◆ Task to complete: Repeat the listing that follows, character for character, minus the pictures.

◆ Data shown:
[Start of Attachment]

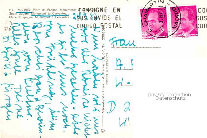 old postcard Madrid Spain Monument to Cervantes postalisch gelaufen Erhaltung siehe scans [WerneD78]
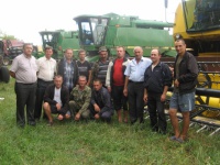 Один зі знімків я зробила на ґрунтозахисному 80-гектарному полі. Того дня закінчували збирання пшениці, але пройшов дощ, і механізатори з нетерпінням чекали, коли ж з’явиться сонце. Так би мовити, вимушений перекур, хоча, до речі, в руках сигарету не побачила ні в кого. Як зазначив головний агроном Юрій Михайленко, у них із цим строго. Георгій Іванович відрекомендував кожного з комбайнерів на цьому полі, водіїв, пожежника, назвавши їх на ім’я. Хлопці, схоже, дещо бентежилися, ховаючись за жартами. Так я їх і запам’ятала на тлі новеньких комбайнів разом із Георгієм Івановичем, який скромно примостився на правому фланзі, Іваном Георгійовичем Кюссе і Юрієм Юрійовичем Михайленком (вони на знімку – крайні ліворуч). Такий от житейський знімок вийшов...
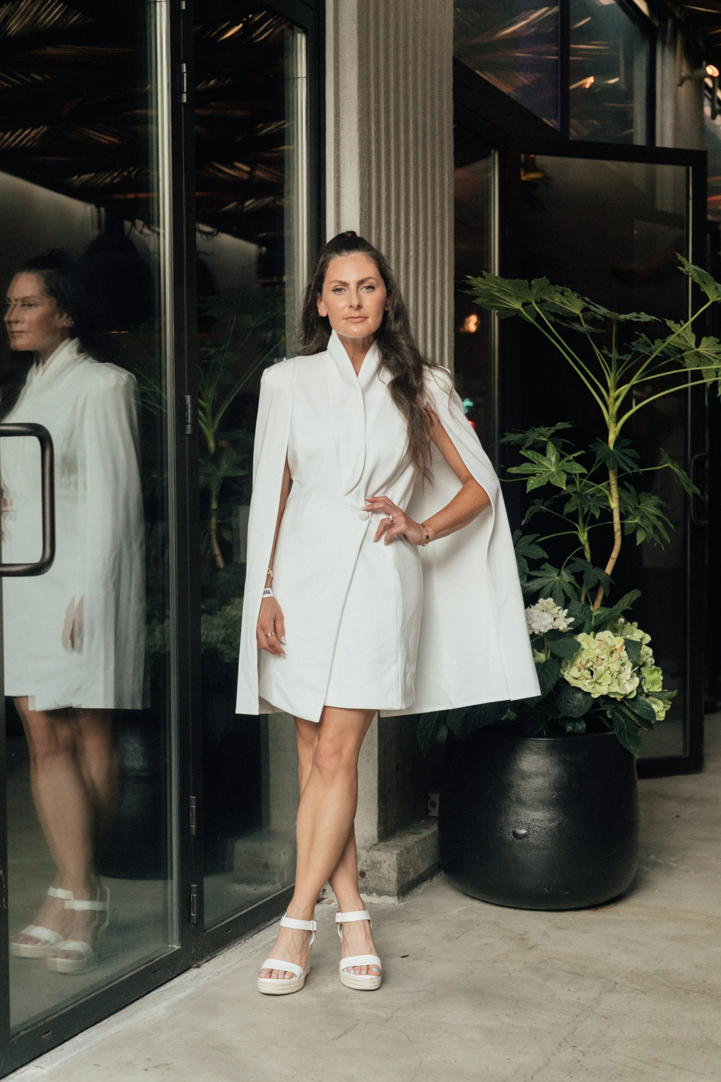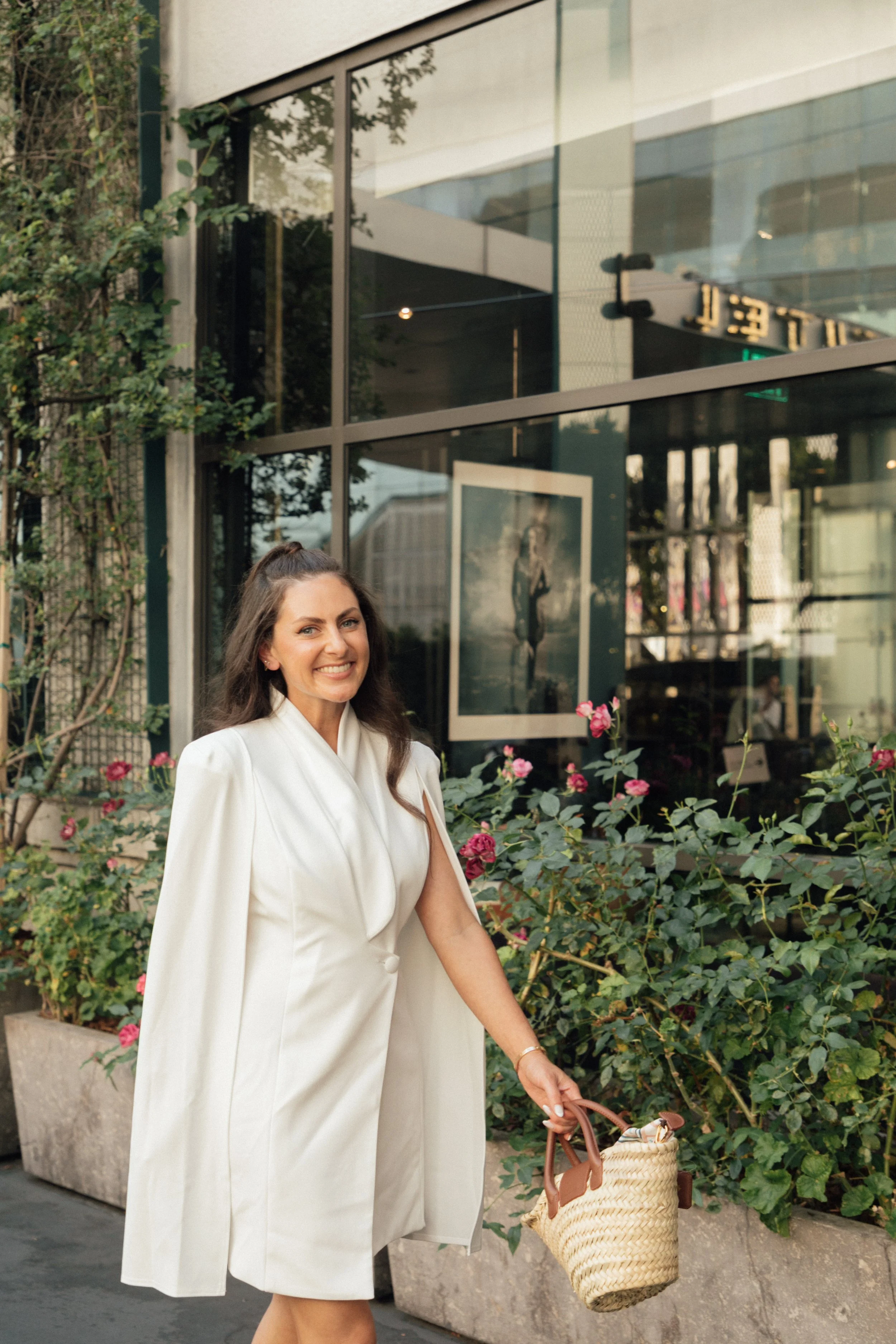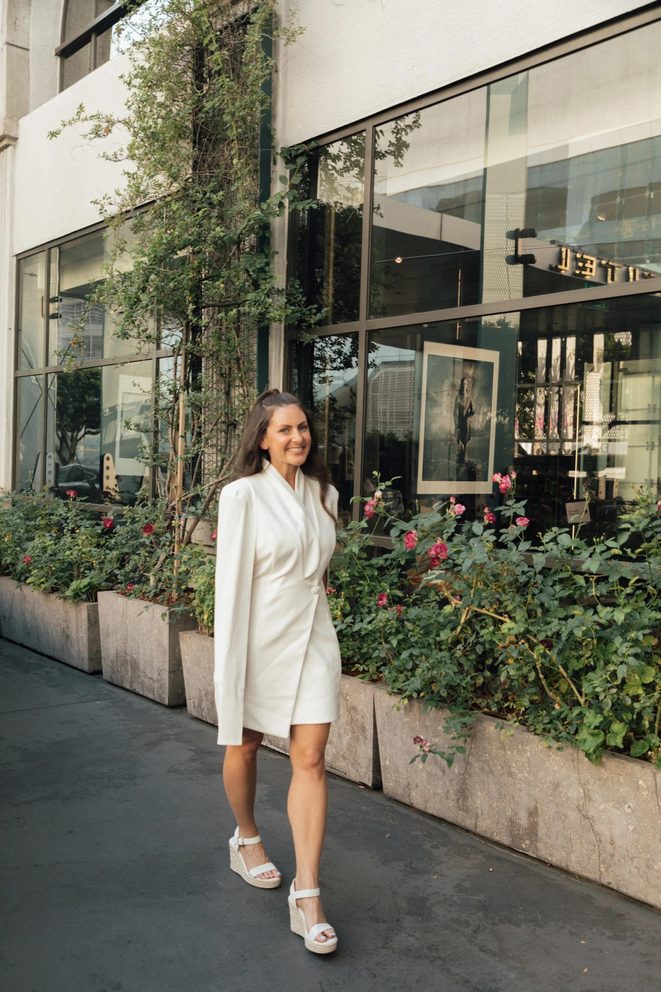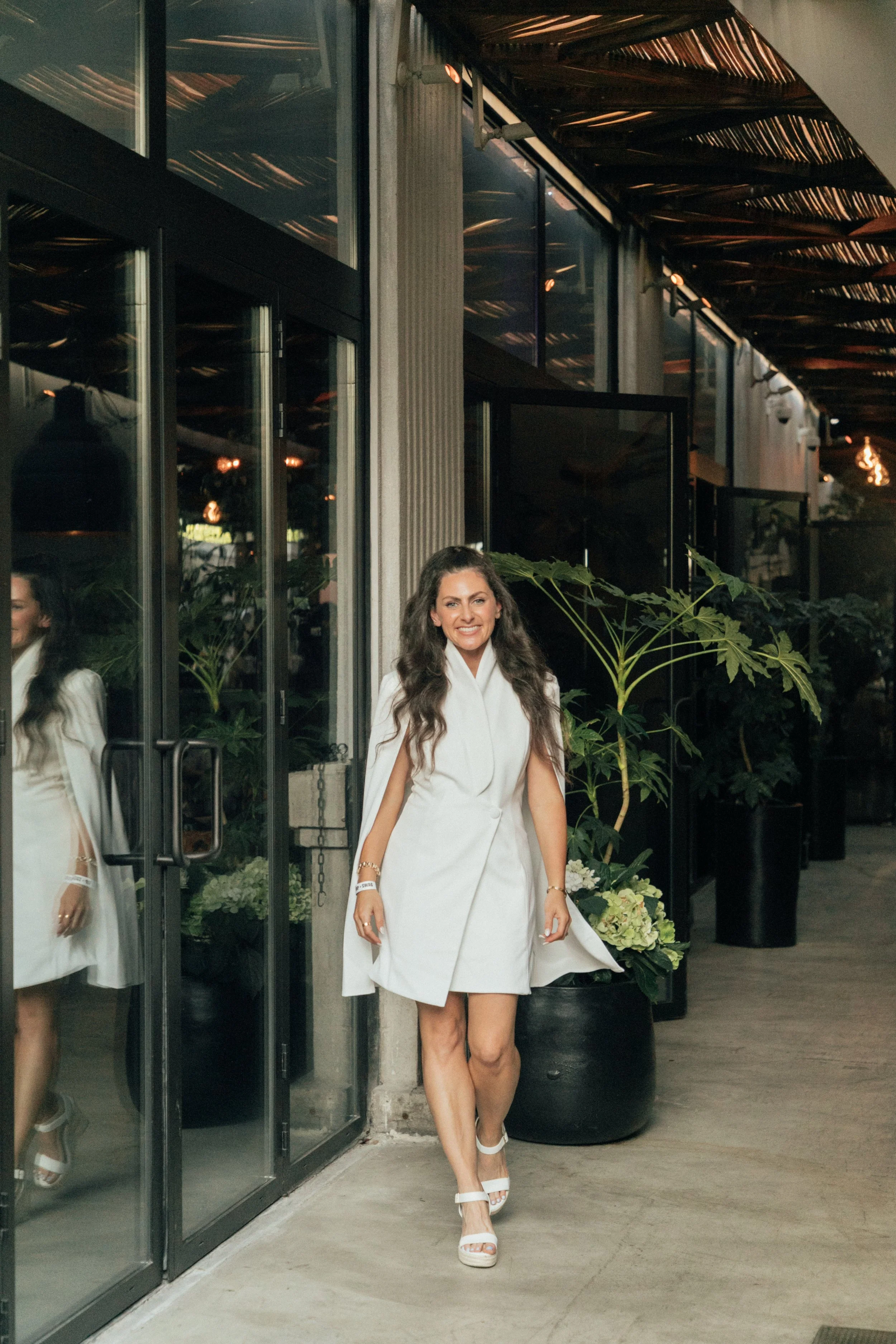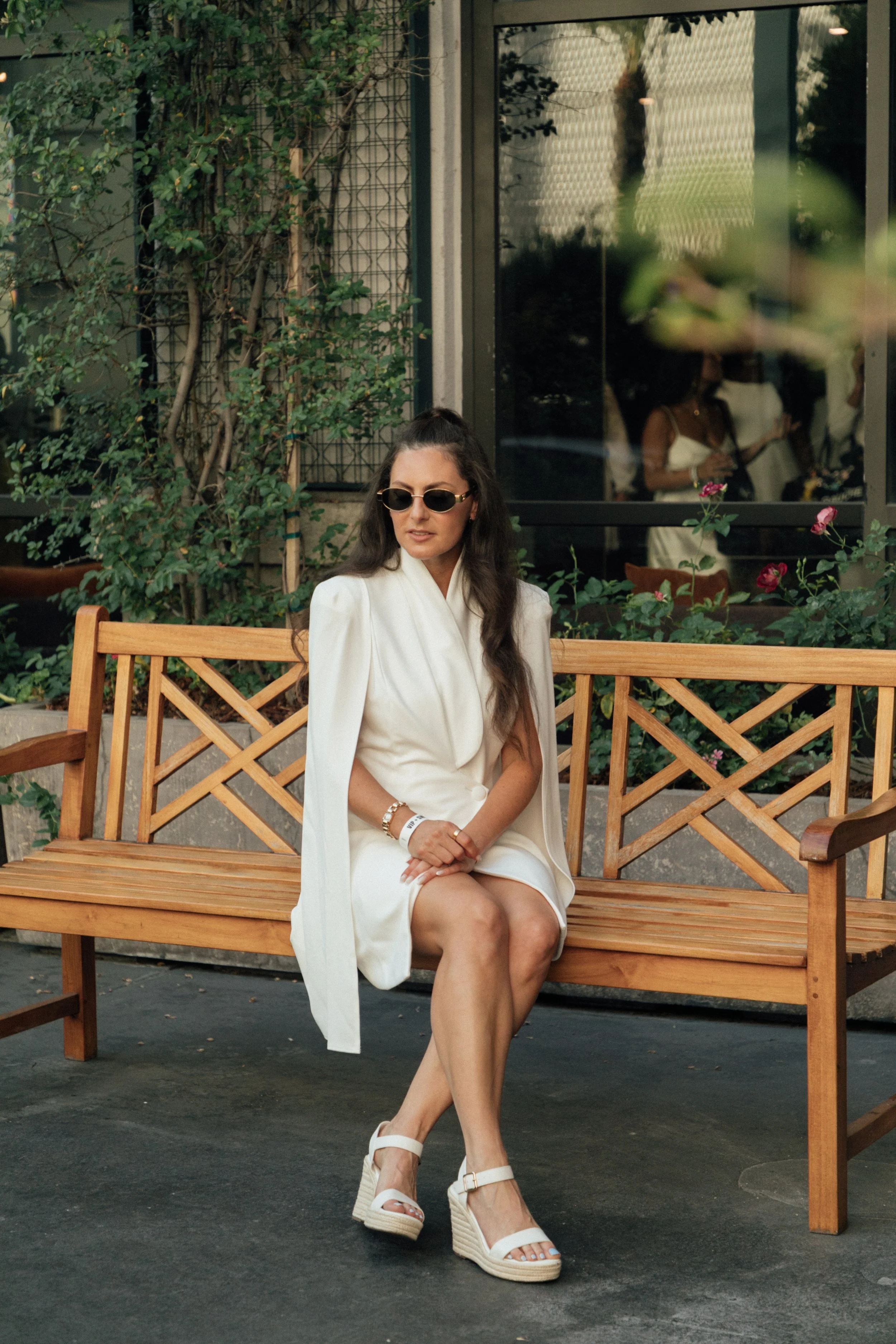 I recently walked in a fashion show in Beverly Hills which I shared more about in this recent post here. I had the best time and especially enjoyed attending a white party prior to the show. I posted a video of me wearing this white dress with a cape on my Instagram and received a ton of DM’s asking where I got this dress. Today, I’m sharing all of the details along with photos I took at the white party. I can’t recommend this dress enough and I got so many compliments. It’s comfortable, chic, and it runs true to size.

[End of Attachment]

◆ Response below:
 old postcard Madrid Spain Monument to Cervantes postalisch gelaufen Erhaltung siehe scans [WerneD78]
 Один зі знімків я зробила на ґрунтозахисному 80-гектарному полі. Того дня закінчували збирання пшениці, але пройшов дощ, і механізатори з нетерпінням чекали, коли ж з’явиться сонце. Так би мовити, вимушений перекур, хоча, до речі, в руках сигарету не побачила ні в кого. Як зазначив головний агроном Юрій Михайленко, у них із цим строго. Георгій Іванович відрекомендував кожного з комбайнерів на цьому полі, водіїв, пожежника, назвавши їх на ім’я. Хлопці, схоже, дещо бентежилися, ховаючись за жартами. Так я їх і запам’ятала на тлі новеньких комбайнів разом із Георгієм Івановичем, який скромно примостився на правому фланзі, Іваном Георгійовичем Кюссе і Юрієм Юрійовичем Михайленком (вони на знімку – крайні ліворуч). Такий от житейський знімок вийшов...
 I recently walked in a fashion show in Beverly Hills which I shared more about in this recent post here. I had the best time and especially enjoyed attending a white party prior to the show. I posted a video of me wearing this white dress with a cape on my Instagram and received a ton of DM’s asking where I got this dress. Today, I’m sharing all of the details along with photos I took at the white party. I can’t recommend this dress enough and I got so many compliments. It’s comfortable, chic, and it runs true to size.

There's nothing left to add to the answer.